Prompt Emission of Gamma-Ray Bursts in the High-density Environment of Active Galactic Nuclei Accretion Disks

TL;DR

This paper investigates gamma-ray burst emissions occurring in the dense environments of active galactic nuclei disks, revealing unique emission characteristics and implications for classification and observational signatures.

Contribution

It introduces a semi-analytical model for GRB propagation in high-density AGN disk environments, highlighting distinct emission features and potential misclassification issues.

Findings

Bursts are likely single, long emission episodes with hard-to-soft evolution.

Multi-pulse light curves require long dormant periods of the central engine.
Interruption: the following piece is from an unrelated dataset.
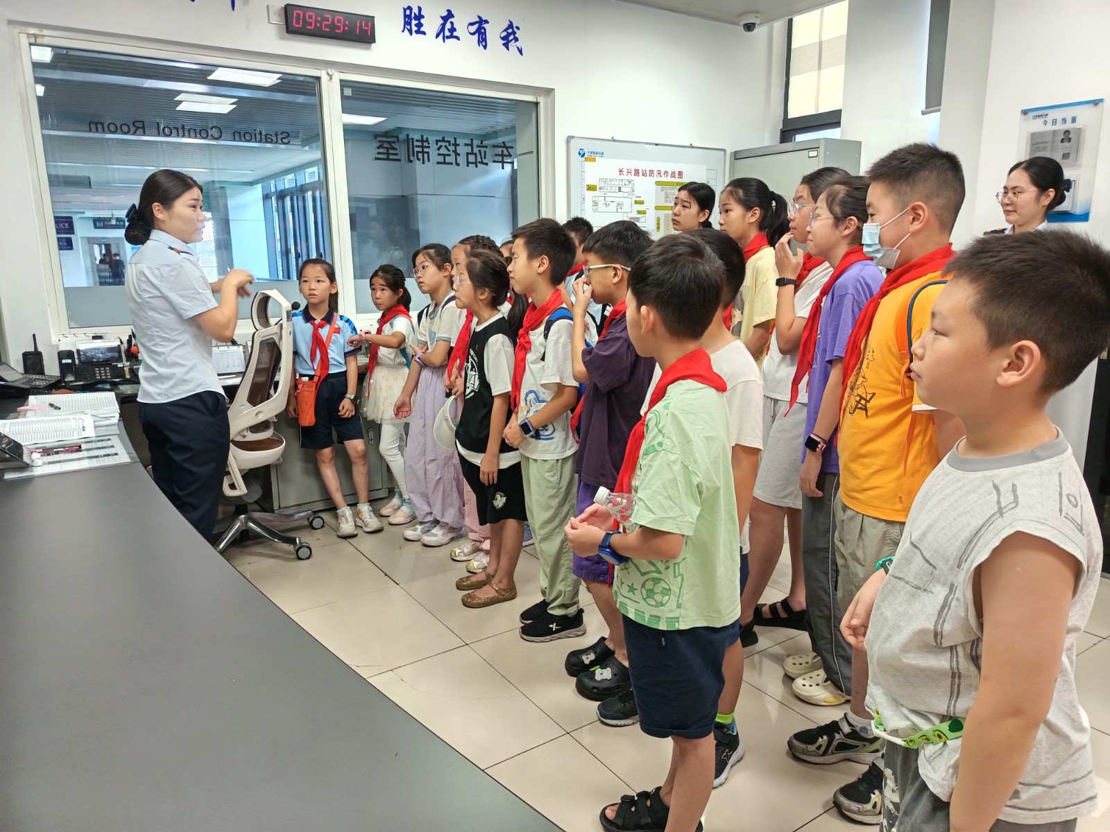 研学的首站,大家踏入了长兴路站地铁站的轨道交通控制室。这里,宛如城市交通的神经中枢,是网格中保障安全与便捷的关键节点。工作人员化身“安全导师”,引领大家走进这个神秘而重要的空间。监控屏幕上,各种数据和画面如繁星般闪烁,列车运行的奥秘在此一一展现。屏幕上跳动的列车运行数据、实时更新的站台监控画面,让大家直观地感受到地铁运营的精密与严谨,仿佛看到了网格中交通脉络的有序跳动。

Short GRBs in such environments may appear as long events without supernovae.

Abstract

Long and short gamma-ray bursts are traditionally associated with galactic environments, where circumburst densities are small or moderate (few to hundreds of protons per cubic cm). However, both are also expected to occur in the disks of Active Galactic Nuclei, where the ambient medium density can be much larger. In this work we study, via semi-analytical methods, the propagation of the GRB outflow, its interaction with the external material, and the ensuing prompt radiation. In particular, we focus on the case in which the external shock develops early in the evolution, at a radius that is smaller than the internal shock one. We find that bursts in such high density environments are likely characterized by a single, long emission episode that is due to the superposition of individual pulses, with a characteristic hard to soft evolution irrespective of the light curve luminosity. While multi-pulse light curves are not impossible, they would require the central engine to go dormant for a long time before re-igniting. In addition, short GRB engines would produce bursts with prompt duration that would exceed the canonical 2 s separation threshold and would likely be incorrectly classified as long events, even though they would not be accompanied by a simultaneous supernova. Finally, these events have a large dynamical efficiency which would produce a bright prompt emission followed by a somewhat dim afterglow.